After a match interruption Roth finished off a counter-attack in the 71st minute by taking the lead for Bayern after a short pass from Conny Torstensson. Ten minutes later another counter led to a second goal for Bayern through Gerd Müller after a cross from the right side by Jupp Kapellmann.

Violence after match, which included "skirmishes in the city and damage to private property" according to journalist Geoffrey Green, as well as damage to a £50,000 camera and a lost eye and a broken arm to German media workers, caused UEFA to consider abandonment of European competition altogether.

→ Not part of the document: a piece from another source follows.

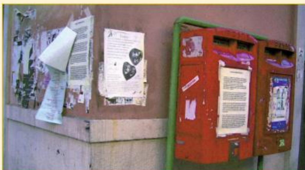
Via Prione all'angolo con via Cavallotti: il massimo della comunicazione vecchia maniera.

The violence saw Leeds banned from Europe for four years, reduced to two years on appeal.

===Details===
28 May 1975
Bayern Munich FRG 2-0 ENG Leeds United
  Bayern Munich FRG: Roth 71', Müller 81'

| GK | 1 | FRG Sepp Maier |
| RB | 2 | FRG Bernd Dürnberger |
| CB | 4 | FRG Hans-Georg Schwarzenbeck | |
| CB | 5 | FRG Franz Beckenbauer (c) |
| LB | 3 | SWE Björn Andersson | | |
| RM | 8 | FRG Rainer Zobel |
| CM | 7 | SWE Conny Torstensson |
| LM | 6 | FRG Franz Roth |
| RF | 10 | FRG Uli Hoeneß | | |
| CF | 9 | FRG Gerd Müller |
| LF | 11 | FRG Jupp Kapellmann |
Substitutes:
| FW | 12 | FRG Klaus Wunder | | |
| MF | 13 | FRG Sepp Weiß | | |
| FW | 14 | FRG Karl-Heinz Rummenigge |
| DF | 15 | FRG Bernd Förster |
| GK | 16 | FRG Hugo Robl |
Manager:
FRG Dettmar Cramer
| GK | 1 | SCO David Stewart |
| RB | 2 | ENG Paul Reaney | |
| CB | 6 | ENG Norman Hunter | |
| CB | 5 | ENG Paul Madeley |
| LB | 3 | SCO Frank Gray |
| RM | 7 | SCO Peter Lorimer |
| CM | 4 | SCO Billy Bremner (c) |
| CM | 10 | IRL Johnny Giles |
| LM | 11 | WAL Terry Yorath | | |
| CF | 8 | ENG Allan Clarke |
| CF | 9 | SCO Joe Jordan |
Substitutes:
| GK | 12 | WAL Glan Letheren |
| DF | 13 | ENG Trevor Cherry |
| DF | 14 | ENG Peter Hampton |
| MF | 15 | SCO Eddie Gray | | |
| FW | 16 | ENG Duncan McKenzie |
Manager:
ENG Jimmy Armfield

==Legacy==
The controversy surrounding the final is still manifested in the chant "We are the Champions, Champions of Europe" – amid a feeling that their club was cheated of victory in this match – by fans of Leeds United.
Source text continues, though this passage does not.